Sur les conclusions aux fins d’injonction :
7. Compte tenu des motifs d’annulation retenus aux points 4 et 5, l’exécution du présent jugement implique que la situation de Mme A soit réexaminée au titre de la prolongation de son congé pour invalidité temporaire imputable au service. Il y a lieu, dans les circonstances de l’espèce, d’enjoindre à la directrice de l’EHPAD La Pranière d’y procéder dans un délai de trois mois à compter de la notification du présent jugement.
Sur les frais du litige et les dépens :
8. D’une part, la présente instance n’ayant donné lieu à aucun dépens, les conclusions présentées par l’EHPAD La Pranière sur le fondement des dispositions de l’article R. 761-1 du code de justice administrative doivent être rejetées.
9. D’autre part, les dispositions de l’article L. 761-1 du code de justice administrative font obstacle à ce que soit mise à la charge de Mme A, qui n’est pas la partie perdante dans la présente instance, la somme que demande l’EHPAD La Pranière au titre des frais exposés et non compris dans les dépens.

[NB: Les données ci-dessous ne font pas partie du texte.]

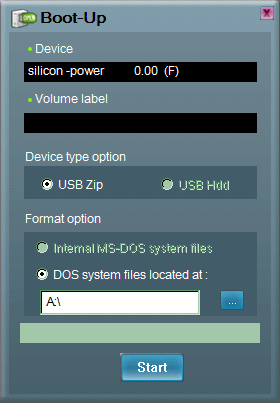 В остальном все тоже набило оскомину: можем выбрать метку тома, и указываем, где у нас лежат системные файлы (их нужно взять с заранее приготовленной дискеты или ее образа — вариант использования встроенных файлов только для Win 9x). Все — открытый раздел форматируется как системный.

En revanche, il y a lieu, dans les circonstances de l’espèce, de mettre à la charge de l’EHPAD La Pranière une somme de 1 500 euros au titre des frais exposés par Mme A et non compris dans les dépens.
D E C I D E :
Article 1er : L’intervention du syndicat CFDT des services de santé et des services sociaux de la Loire est admise.
Article 2 : Les décisions susvisées de la directrice de l’EHPAD La Pranière du 15 juin 2023, du 3 juillet 2023 et du 17 juillet 2023 refusant de reconnaître l’imputabilité au service des arrêts de travail de Mme A à compter du 2 juin 2023 et la plaçant en congé de maladie ordinaire sont annulées.
Article 3 : Il est enjoint à la directrice de l’EHPAD La Pranière, dans un délai de trois mois, de procéder au réexamen de la demande de Mme A après avoir saisi préalablement pour avis le conseil médical.
Article 4 : L’EHPAD La Pranière versera à Mme A une somme de 1 500 euros en application des dispositions de l’article L. 761-1 du code de justice administrative.
Article 5 : Les conclusions présentées par l’EHPAD La Pranière sur le fondement des articles R. 761-1 et L. 761-1 du code de justice administrative sont rejetées.
Article 6 : Le jugement sera notifié à Mme B A, à l’EHPAD La Pranière et au syndicat CFDT des services de santé et des services sociaux de la Loire.
Délibéré après l’audience du 22 novembre 2024, à laquelle siégeaient :
Mme Dèche, présidente,
Mme Journoud, conseillère,
Mme Pouyet, conseillère.
Rendu public par mise à disposition au greffe le 6 décembre 2024.
La rapporteure,
C. Pouyet
La présidente,
P. Dèche
La greffière,
S. Hosni
La République mande et ordonne à la ministre de la santé et de l’accès aux soins en ce qui la concerne, ou à tous commissaires de justice à ce requis en ce qui concerne les voies de droit commun contre les parties privées, de pourvoir à l’exécution de la présente décision.